Podcast Preview with John Worrell, Filtration Technology Corporation

John Worrell

December 17, 2024

BY Biodiesel Magazine

Season 2, Episode 1, of the SAF Magazine/Biodiesel Magazine podcast features John Worrell, vice president of sales at Filtration Technology Corporation, a leader in filtration and separation systems. During the podcast, Worrell discusses the design, features and application of the company’s Invicta liquid-solids filter cartridges.

Q: Tell us about Filtration Technology Corporation. 
Worrell: FTC is a Houston-based filtration company, specializing in high-efficiency pleated medias in four primary categories—those being liquid-solids separation, gas-solids filtration, liquid-liquid separation and gas-liquid separation. The company was founded by John Hampton in 1987, specializing in the oil and gas industry, and subsequently has grown to more downstream processes, including gas treatment, refining and even food and beverage.

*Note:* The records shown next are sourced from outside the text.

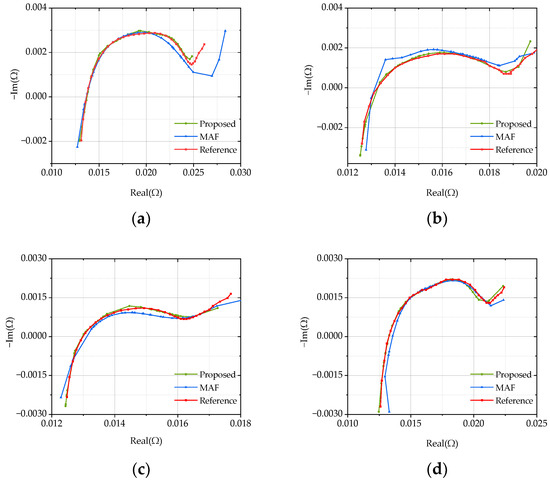 The root mean square error (RMSE) and the mean absolute percentage error (MAPE) were used to evaluate the overall error for the impedance curves after data processing. The impedance results of the lithium-ion battery in four cases are shown in Figure 9. The superiority of the proposed method was highlighted by calculating the RMSE and MAPE for the high-, medium-, and low-frequency intervals. The MAPE of the impedance in the low-frequency range obtained by the proposed method was 0.0668 when the lithium-ion battery was at 15 °C and the SOC was 50%, while the MAPE obtained by the MAF was 0.3127, which is 4.6 times higher than that of our method. As shown in Figure 9a, it can be noticed that the impedance data obtained by the MAF in the low-frequency range were far from the reference. An increase in temperature affected the impedance spectrum of the lithium-ion battery in the mid-frequency range. At 25 °C, the MAPE of the mid-frequency range measured by the MAF was twice that of the proposed method, as seen in Figure 9b. When the temperature was 35 °C, the gap between the two methods increased further, as shown in Figure 9c. The MAPE of the impedance spectrum in the mid-frequency interval measured by the MAF (0.0704) was five times higher than that of the proposed method (0.0141). Figure 9d shows the case where the Li-ion battery had SOC = 80% and T = 25 °C. It is clear that the proposed method still had significantly high accuracy, while the impedance spectrum measured by the MAF showed a large deviation in the high-frequency range. Thus, the proposed multi-density clustering method has good computational accuracy in different cases.
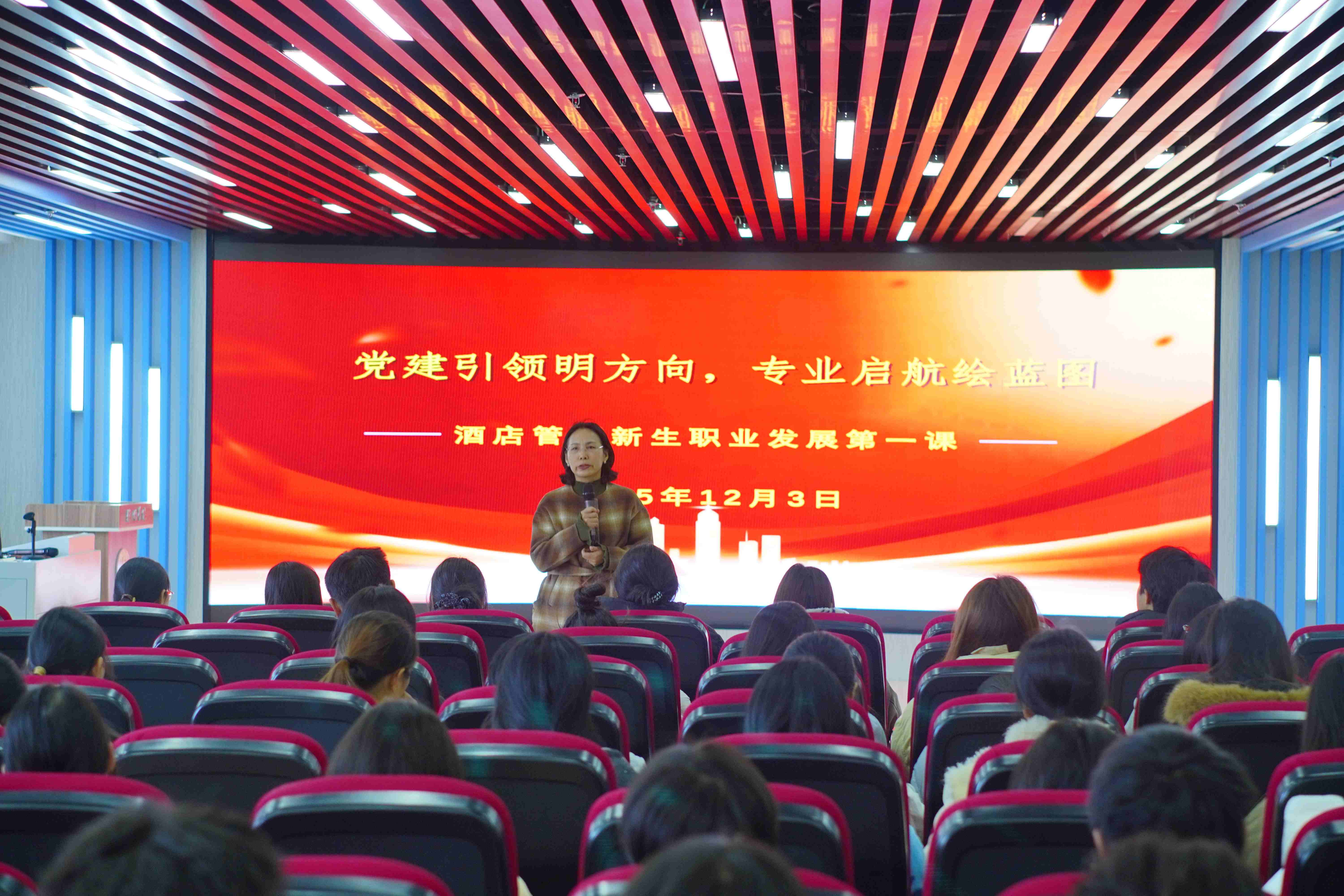 为推动党建工作与专业建设深度融合,创新党建育人形式,将立德树人根本任务落到实处,近日,酒店管理教师党支部组织开展“党建引领明方向,专业启航绘蓝图”——2025级酒店管理专业新生职业发展第一课讲座活动。本次活动特邀池州营销全案策划有限公司营销总监王凯主讲,给25级新生带来一场内容扎实、启迪思维的职业发展指导。
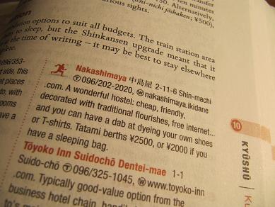 突然の飛び込みでオランダからのお客様がチェックインです! そして! 彼の手には「あの」ガイドブックです! 先月のブログで紹介させていただいておりましたが、 知らない間に染物と宿の中島屋が掲載されていた 世界的に有名なガイドブック「ラフガイド」です☆ その時のブログ⇒http://nakashimaya.blog.shinobi.jp/Entry/621/ 早速、中身を見せていただきました! もちろん載っています(喜) 少し追加したい内容もありましたが、 ラフガイドマーク(オススメマーク)付きで感謝です! 梅雨の中なのに晴れやかな気持ちにさせていただきました☆ 染物と宿の中島屋は旅人にとって私もオススメいたします(笑) それでは、 これからも皆さまのお越しを心よりお待ち申し上げております。 熊本城の見える安いゲストハウス「染物と宿の中島屋」 |
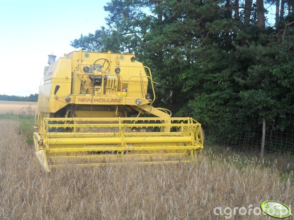 Kombajn New Holland S-1550 podczas pracy żniwnej na polu zboża. Maszyna ta, charakterystyczna dzięki swojemu jaskrawożółtemu kolorowi oraz widocznemu logo producenta, jest wyposażona w heder z motowidłami, co wskazuje na jej zdolność do efektywnego koszenia zbóż. Kombajn ten zasilany jest 120-konnym silnikiem o wysokiej wydajności, który zapewnia odpowiednią moc do napędu systemu omłotu konwencjonalnego. Posiada zbiornik o pojemności około 3000 litrów, co pozwala na dłuższe prace bez częstego przerywania w celu opróżniania. Na zdjęciu widoczny jest kontekst pracy maszyny w otoczeniu przyrody, gdzie pole zboża sąsiaduje z linią drzew, tworząc typowy krajobraz polski.
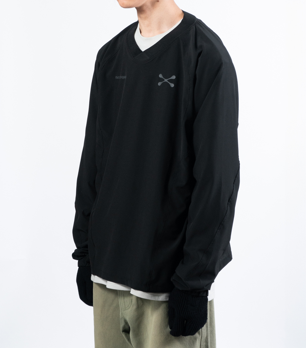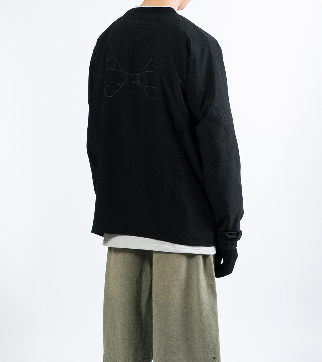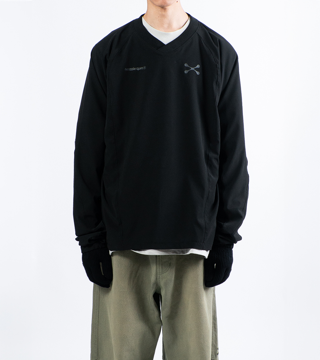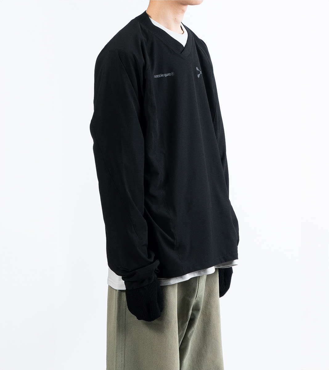 作為本季度獨走的布料款式,配有強調舒適與排濕性能的特色機能布,本布以水溶紗融合織造,以特定溶劑溶解後,提供多孔洞的特性,形成柔軟親膚的布料特性,可做為輕薄的外層搭配使用。版型與 Solid Football Tee 一致,本款以 Flow 為名,提供截然不同的穿著體驗。前胸採用了首次引用的立體膠印技術,印上標誌的品牌 LOGO 與品牌名,象徵性地成為 nozzle quiz 的一名球員。後背則印有大尺寸的鏤空 LOGO 印花,並且加入了拇指岔片的設計,在秋冬季度能夠更加靈活地作為造型搭配使用。

Q: FTC changed the shape of traditional cylinder filters. Why did the company do that? 
Worrell: First of all, it’s important to understand that filter performance can be directly tied to usable surface area. All things being equal, the more usable surface that you have in a given system, the more dirt a filter will hold, and the higher efficiency a filter will have at removing a given contaminant size. This can be proven via Darcy’s Law, which we use to calculate flow through any porous media. We know according to Darcy’s Law, that dirt-holding capacity is indirectly proportional to flux rate, or flow per unit area. So, the more surface area that a cartridge has, the more contaminants a cartridge can hold. Over the years, many traditional cylinder cartridge designs have been modified to try to pack as much surface area as you can get into a given cylindrical cartridge. And that’s been done through increased pleat count, tighter pleat spacing, putting taller pleats in a cartridge, or even staggering the pleat heights, which we call W pleats, in diameters ... all in order to maximize the amount of surface area in a given cartridge ... So, there has been a lot of variations in cartridge diameters ... in the attempt to try to improve the amount of surface area in a given housing. Now, there is a problem with the cylindrical design, and it’s that all things being equal, your pleats will also be spaced tighter at the ID than they are at the OD. This can result in a partial use of the surface area at the ID, because the pleats get so close together that the dirt does not quite penetrate down into the ID of the cartridge—we call that tip loading. In other words, the contaminate doesn’t fully load throughout the surface area of the cartridge, so therefore, you pay for surface area that you don’t fully utilize ... subsequently, with cylindrical designs, you can only get so many cartridges in a given vessel design no matter what diameter you use, because you can only fit so many circles within a circle. Therefore, you have wasted space in the vessel. This is where the Invicta design comes in—we’ve solved two fundamental problems.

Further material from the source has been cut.